Замечательный результат получили R.G. Aquado et al., (1994) при тимэктомии у больных с miasthenia gravis: использовали инфузию альфентанила (1,5 мг/кг/мин) в комбинации с пропо­фолом («ступенчатая» инфузия от 167 до 50 мкг/кг/мин) без миорелаксантов.

Специальные исследования (A.L. Lindekaer et al., 1994) показали, что сочетание альфентанила с пропофолом (дип­риваном) в амбулаторной практике не оказывает существен­ного влияния на психомоторные функции.

Ремифентанил первый в этом классе опиоид с очень коротким временем полужизни (менее 10 мин) за счет высокой степени эстеразной активности метаболизма, что обусловливает быстрое прекращение действия. Сравнение ремифентанила с альфентанилом в амбулаторной практике (Е Chung, 1996) при инфузионном введении в комбинации с пропофолом показало лучшую гемодинамическую стабильность при использовании ремифентанила в дозе 0,5 мкг/кг/мин. F. Cama et al. (1996) срав­нивали аналгетические эффекты ремифентанила и фентанила при больших абдоминальных операциях. В дозе 0,4 мкг/кг/мин ремифентанил оказался эффективнее фентанила; побочные реак­ции не выявлены. R.J.R. Duthie et al. (1996) вводили ремифентанил инфузионно в дозах от 1,0 до 2,0 мкг/кг/мин с пропофо­лом при операциях аорто-коронарного шунтирования и в послеоперационный период. Этим же опытом обладает F. Geisler (1996), вводивший ремифентанил с пропофолом по аналогич­ной методике. Минимальный гипертензивный ответ бьш зафик­сирован только во время стернотомии. Авторы считают, что ремифентанил создает глубокую аналгезию, блокирующую ноцицепгивные импульсы, без побочных эффектов.

Опыт клиницистов выделяет очевидные преимущества опиатов, включаемых в схемы ВА и TIVA, особенно на этапе ин­дукции: снижается доза гипнотика, нивелируется реакция сер­дечно-сосудистой системы на ларингоскопию и интубацию тра­хеи; последнее очень важно у нейрохирургических больных (профилактика повышения внутричерепного давления) и у па­циентов с сопутствующей патологией (гипертоническая болезнь, ИБС).

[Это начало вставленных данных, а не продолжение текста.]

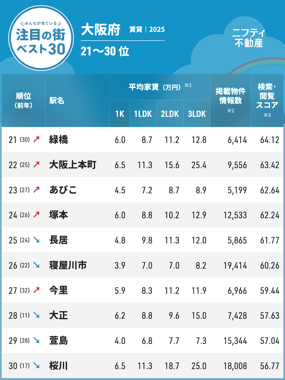ホーム調査レポート「大阪の賃貸物件探しで注目の街ランキングベスト30」を発表(2025年調査)【ニフティ不動産】
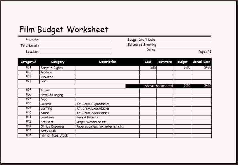 Film Budget Worksheet was posted in October 10, 2017 at 2:29 am. If you wanna have it as yours, please click the Pictures and you will go to click right mouse then Save Image As and Click Save and download the Film Budget Worksheet Picture.. Don’t forget to share this picture with others via Facebook, Twitter, Pinterest or other social medias! we do hope you'll get inspired by SampleTemplates123... Thanks again! If you have any DMCA issues on this post, please contact us!
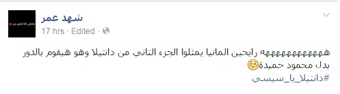 فيما قالت شهد عمر:” ههههههههههههه رايحين المانيا يمثلوا الجزء التاني من دانتيلا وهو هيقوم بالدور بدل محمود حميدة☺”.
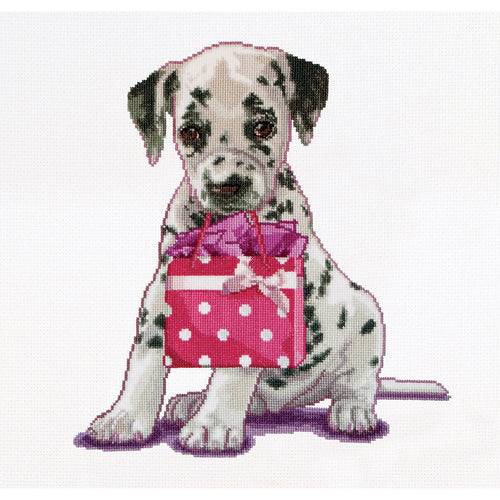 THEA GOUVERNEUR-Puppy Went Shopping On Aida Counted Cross Stitch Kit: Sixteen Count. Inspired by nature, these kits are detailed using a variety of colors with results that are realistic and true to nature! The more experienced cross stitcher will enjoy working on linen. This package contains one 12-13/64x11-13/16 inch piece of linen Aida, pre-sorted DMC floss, one John James needle, one easy-to-follow chart and instructions in English. Imported.
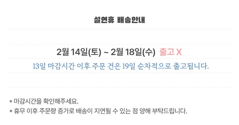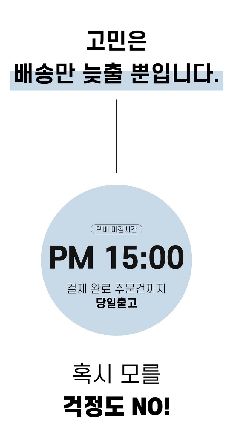 | 배송기간 | ㆍ도서산간 지역 등은 배송에 3-5일이 더 소요될 수 있습니다. - 천재지변, 물량 수급 변동 등 예외적인 사유 발생 시, 다소 지연될 수 있는 점 양해 부탁드립니다. | ||
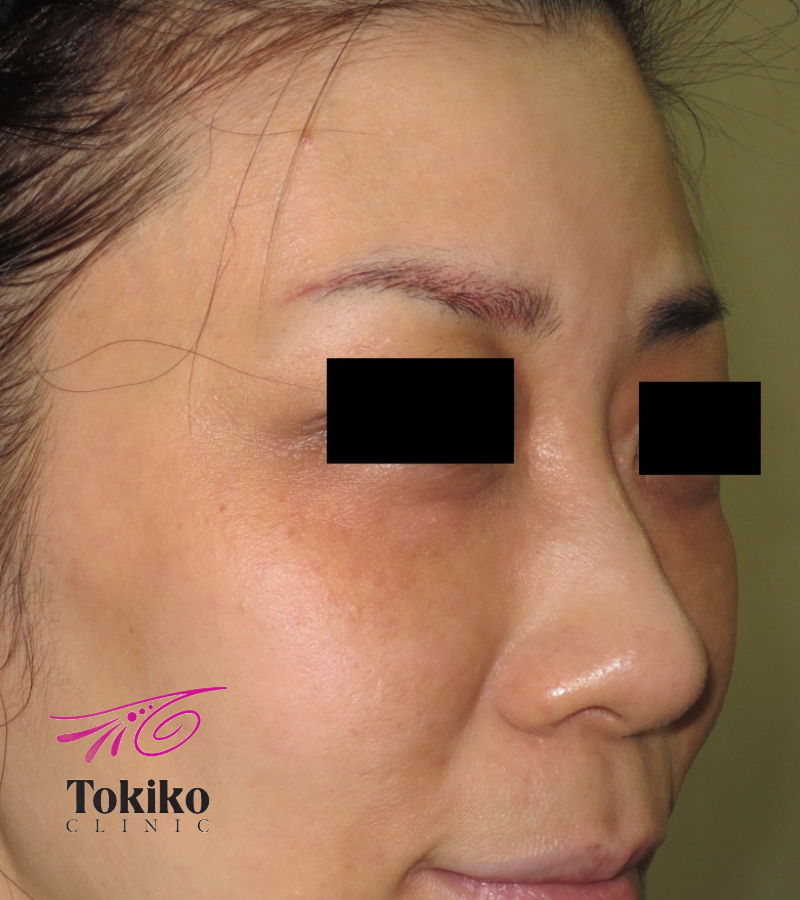 治療後は患部に赤みが出る場合がございますが、約1~2日で軽快します。赤みはお化粧で隠せる程度です。翌日からお化粧できます。

Некоторые препараты с мю-агонистической активно­стью имеют в настоящее время менее широкое примене­ние в схемах ВА и TIVA.

Пиритрамид (дипидолор), агонист мю-рецепторов; по аналгетической активности 15 мг дипидолора эквивалентны 10— 20 мг морфина. При операциях аналгезия удовлетворительного уровня достигается введением 0,075 мг/кг препарата. Для под­держания достаточно введения 3—5 мг/ч. Преимущества по срав­нению с морфином: в меньшей степени вызывает депрессию дыхания, тошноту и рвоту, имеет высокий терапевтический индекс, не вызывает привыкания.

Применялся довольно широко в 80-х годах в составе сба­лансированной анестезии (А.А. Бунятян с соавт.,1984) в комби­нации с диазепамом (седуксеном). Для индукции вводили се­дуксен (10—15 мг в/в) и дипидолор (15 мг в/в); поддержание анестезии осуществляли дробным введением дипидолора по 5— 7,5 мг через 30—60 мин и седуксеном (повторно через 60 мин).

Трамадол гидрохлорид (трамал). Считается частичным мю-агонистом опиатных рецепторов, но обладает двойным (опиоидзависимым и опиоиднезависимым) действием. В эксперименте установлено, что налоксон ингибирует аналгезию трамадолом только частично. Аналгезию снижают также антагонисты серотониновых рецепторов; не исключено воздействие препарата на а2-адренергические рецепторы, с которыми взаимодействуют опиоиды. Видимо, в связи с низким сродством к т-рецепторам трамадол считают аналгетиком средней силы действия, которая составляет около 1/3—1/5 аналгетического потенциала морфина и эквивалентна потенциалу пентазоцина. Эффект 1 мг/кг трамадола сравним с таковым у бупренорфина в дозе 3 мкг/кг, налбуфина (1 мг/кг), морфина (1 мкг/кг). Проявив высокие каче­ства в лечении острого и хронического болевого синдрома, трамадол вместе с тем не нашел широкого применения как эффективный аналгетик в составе многокомпонентной анесте­зии при оперативных вмешательствах.
Опиоиды (агонисты-антагонисты)

Большинство известных агонистов-антагонистов (пентазоцин, налбуфин, буторфанол) как агонисты к-рецепторов вызы­вают опиоидзависимые эффекты (аналгезия и седация). Взаи­модействуя с мю-рецепторами, эти препараты создают антагонис­тические эффекты (например, в отношении опиатной депрессии дыхания, хотя в больших дозах сами могут ее вызывать).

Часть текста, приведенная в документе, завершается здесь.